[Records excerpted from a collection]
>>>>

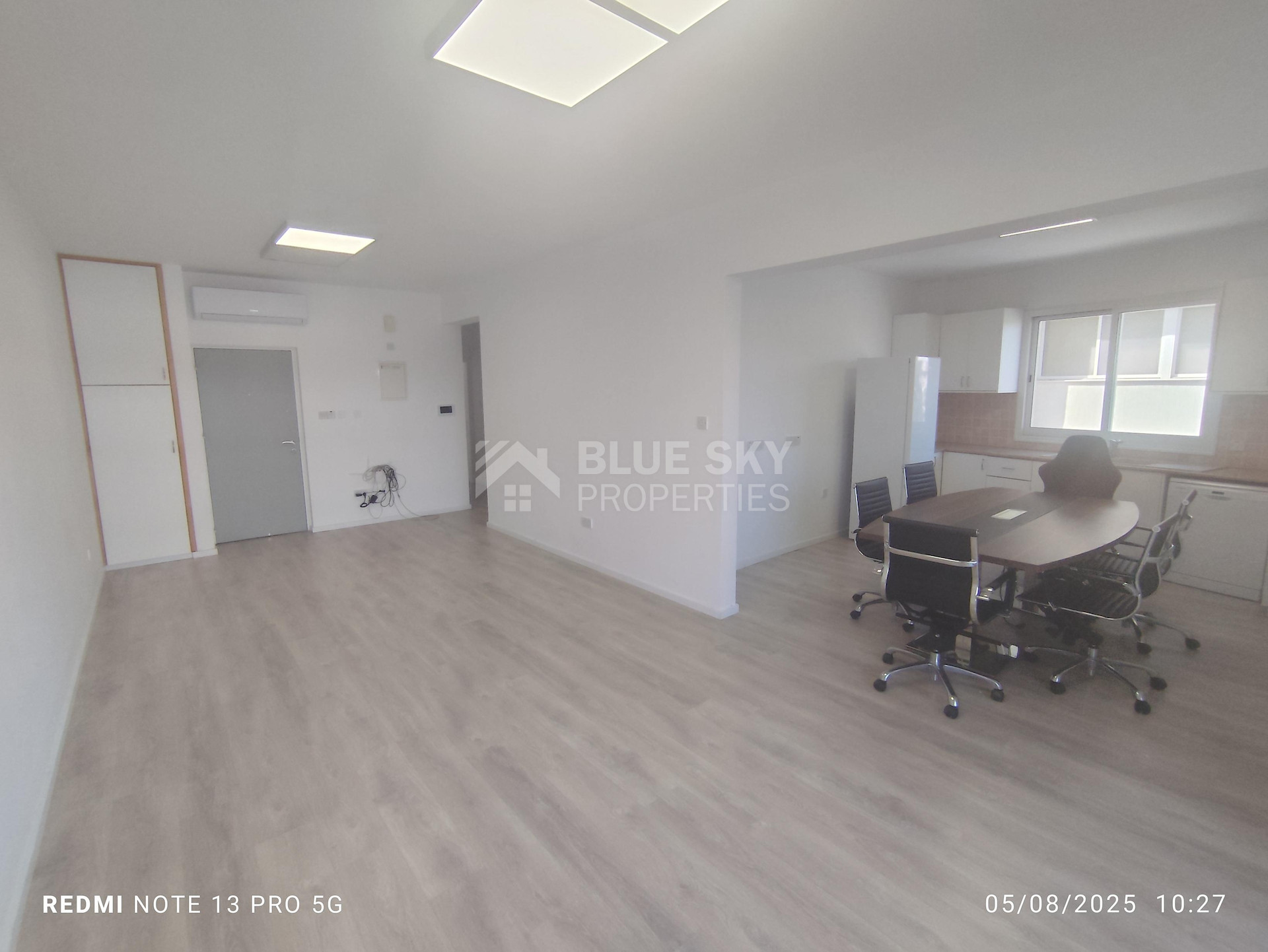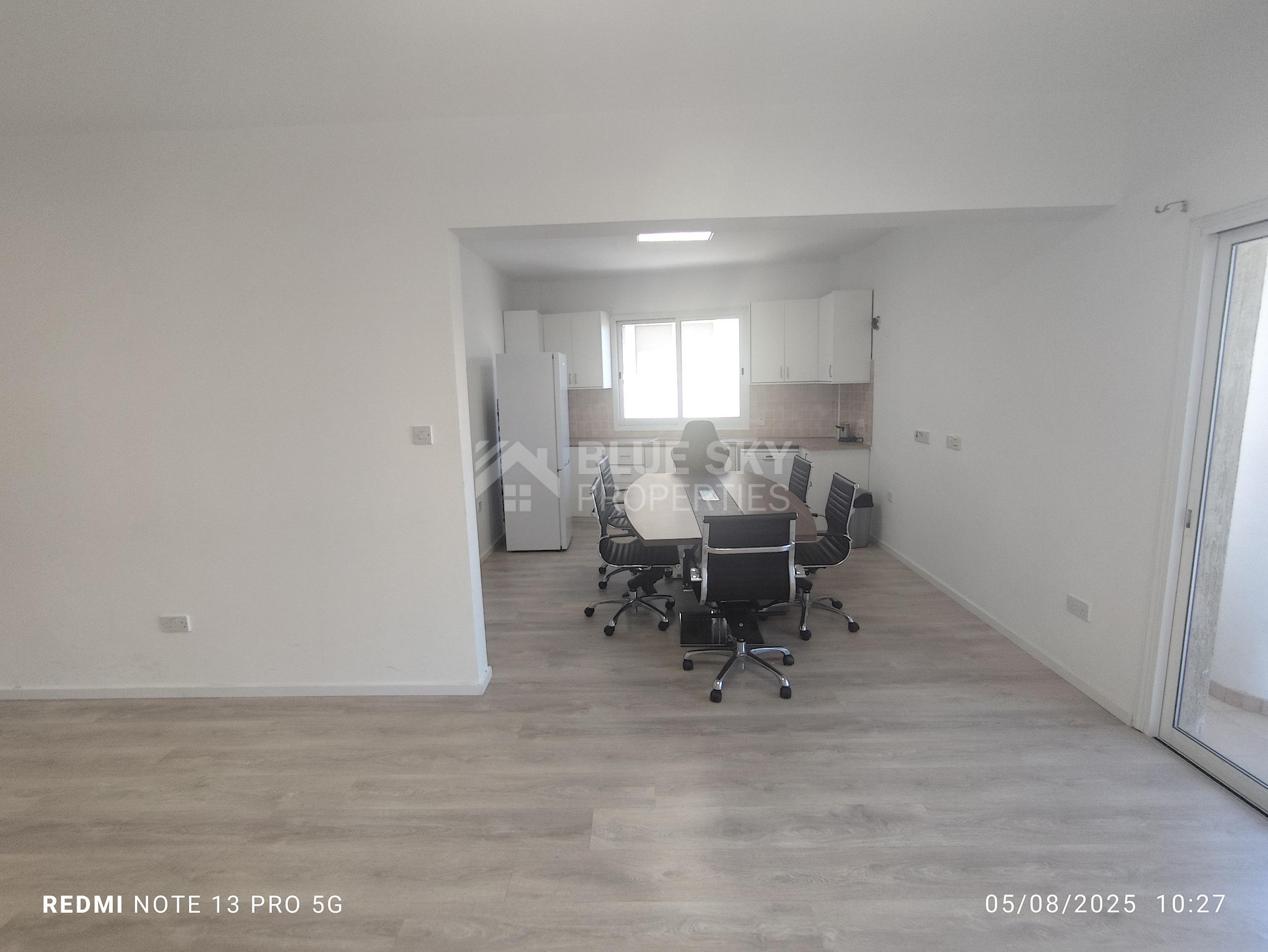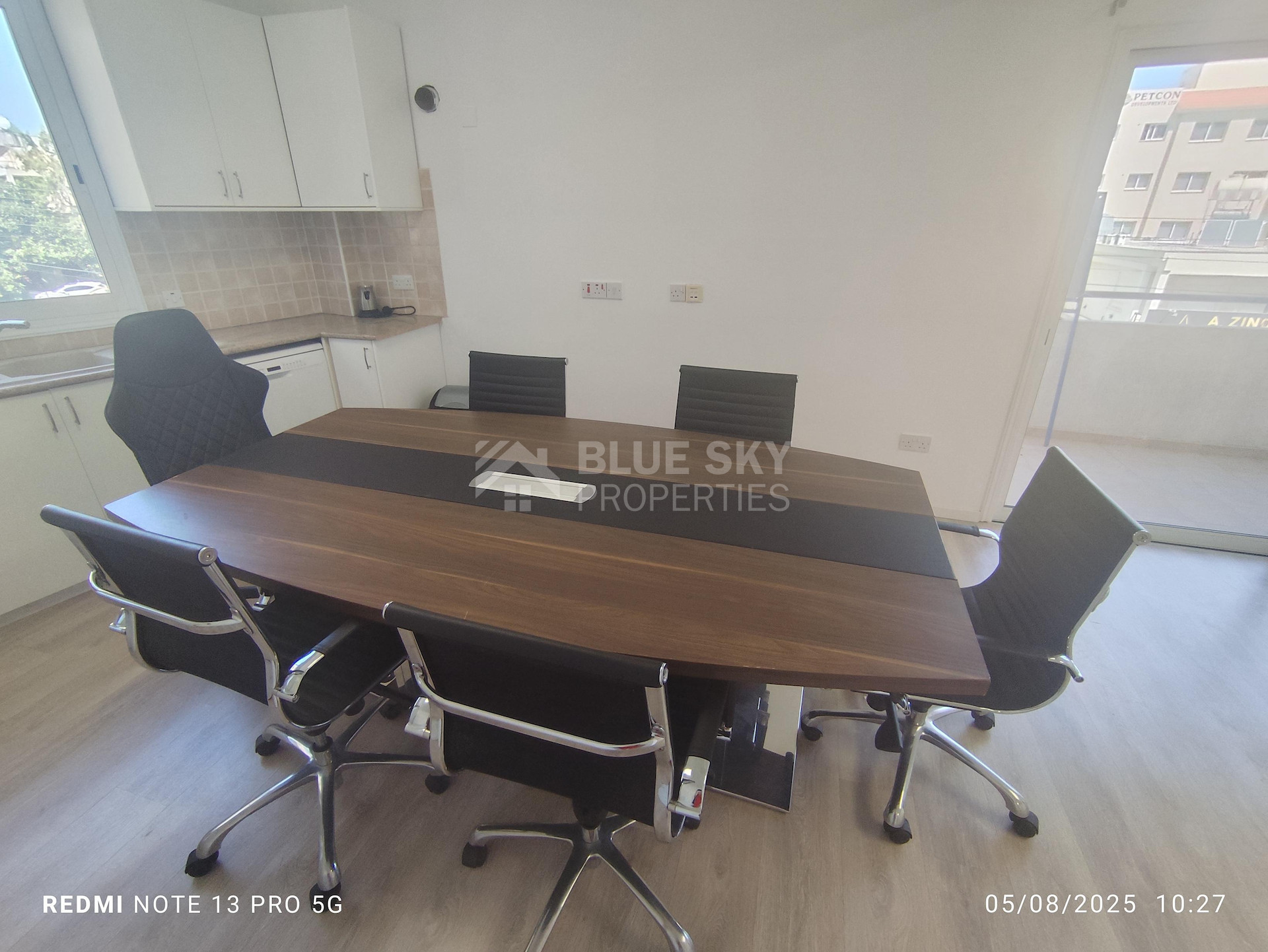 The office is 100 square meters and has easy access to main roads and all services and amenities .It is located on a main road , has one covered parking space , two w.c.. and one bathroom. The office is furnished and has all the electrical appliances such as refrigerator and dishwasher. It is a very nice and functional office. Also it has new air conditioning units, laminated flooring, professional office lighting structured cabling and one balcony overlooking the main road.
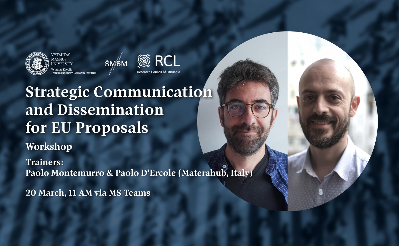 The VMU Vytautas Kavolis Transdisciplinary Research Institute invites the academic community to a workshop on strategic communication and dissemination for EU proposals.
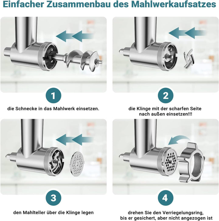 - 🍎【Hinweis zur Reinigung】 Zur optimalen Reinigung und Pflege empfehlen wir, diese fleischwolf edelstahl zubehör für kitchenaid von Hand zu waschen. Dadurch wird sichergestellt, dass die Fleischwolf aufsatz für KitchenAid fleischwolf in bestem
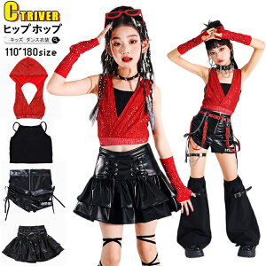 キッズ ダンス衣装 レッド トップス パンツ セットアップ 女の子 黒 スカート トップス レザースカート 韓国 k-pop衣装 ヒップホップ ジャズダンス 躍動感いっぱい 練習着
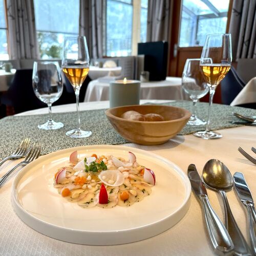 This is the somewhat simpler and entirely regionally oriented alternative to the Gründler family's small restaurant Gourmet Stüberl. Also located in the Hotel Alpin, the same high cooking standards apply – the food is clearly structured, very carefully prepared and fresh as can be. Shining examples include trout carpaccio, radish, caviar, pumpkin, crab crunch, or lamb liver, apple, potato cream, peas, bacon. The space is bright, the atmosphere friendly, the service attentive and proficient. The excellent wine list has over 250 labels, with Austria particularly well represented.
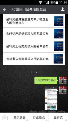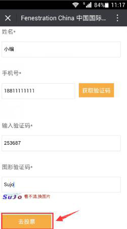 步骤四:将截图+投票手机号发送至博览会官方微信公众平台(微信公众号:fenestration-china):
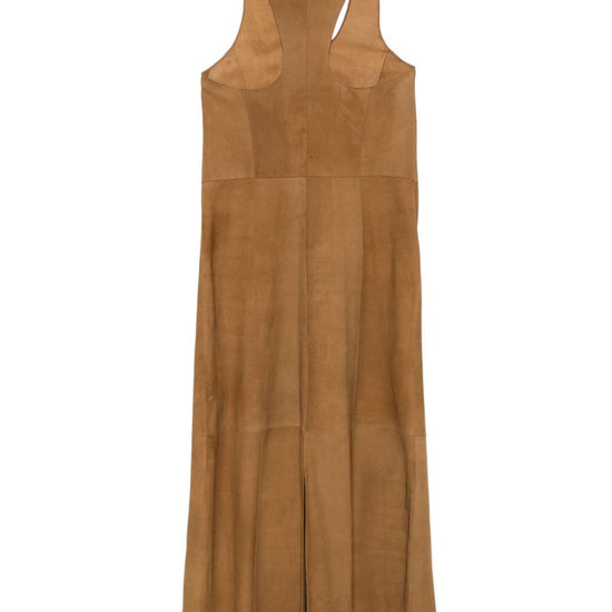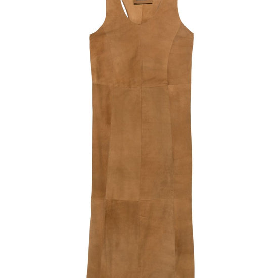 Caramel brown v-neck wide shoulder straps sleeveless pleated skirt suede midi dress size and fit - this piece fits true to size. we recommend you get your regular size. model is 1,75m / 5ft 8in wearing size 40 (it)

<<<<

* _What is expected_
Up to and including the line containing "キッズ ダンス衣装 レッド", repeat every line from the start of the data, but none of the pictures.

* _Task output_
 The office is 100 square meters and has easy access to main roads and all services and amenities .It is located on a main road , has one covered parking space , two w.c.. and one bathroom. The office is furnished and has all the electrical appliances such as refrigerator and dishwasher. It is a very nice and functional office. Also it has new air conditioning units, laminated flooring, professional office lighting structured cabling and one balcony overlooking the main road.
 The VMU Vytautas Kavolis Transdisciplinary Research Institute invites the academic community to a workshop on strategic communication and dissemination for EU proposals.
 - 🍎【Hinweis zur Reinigung】 Zur optimalen Reinigung und Pflege empfehlen wir, diese fleischwolf edelstahl zubehör für kitchenaid von Hand zu waschen. Dadurch wird sichergestellt, dass die Fleischwolf aufsatz für KitchenAid fleischwolf in bestem
 キッズ ダンス衣装 レッド トップス パンツ セットアップ 女の子 黒 スカート トップス レザースカート 韓国 k-pop衣装 ヒップホップ ジャズダンス 躍動感いっぱい 練習着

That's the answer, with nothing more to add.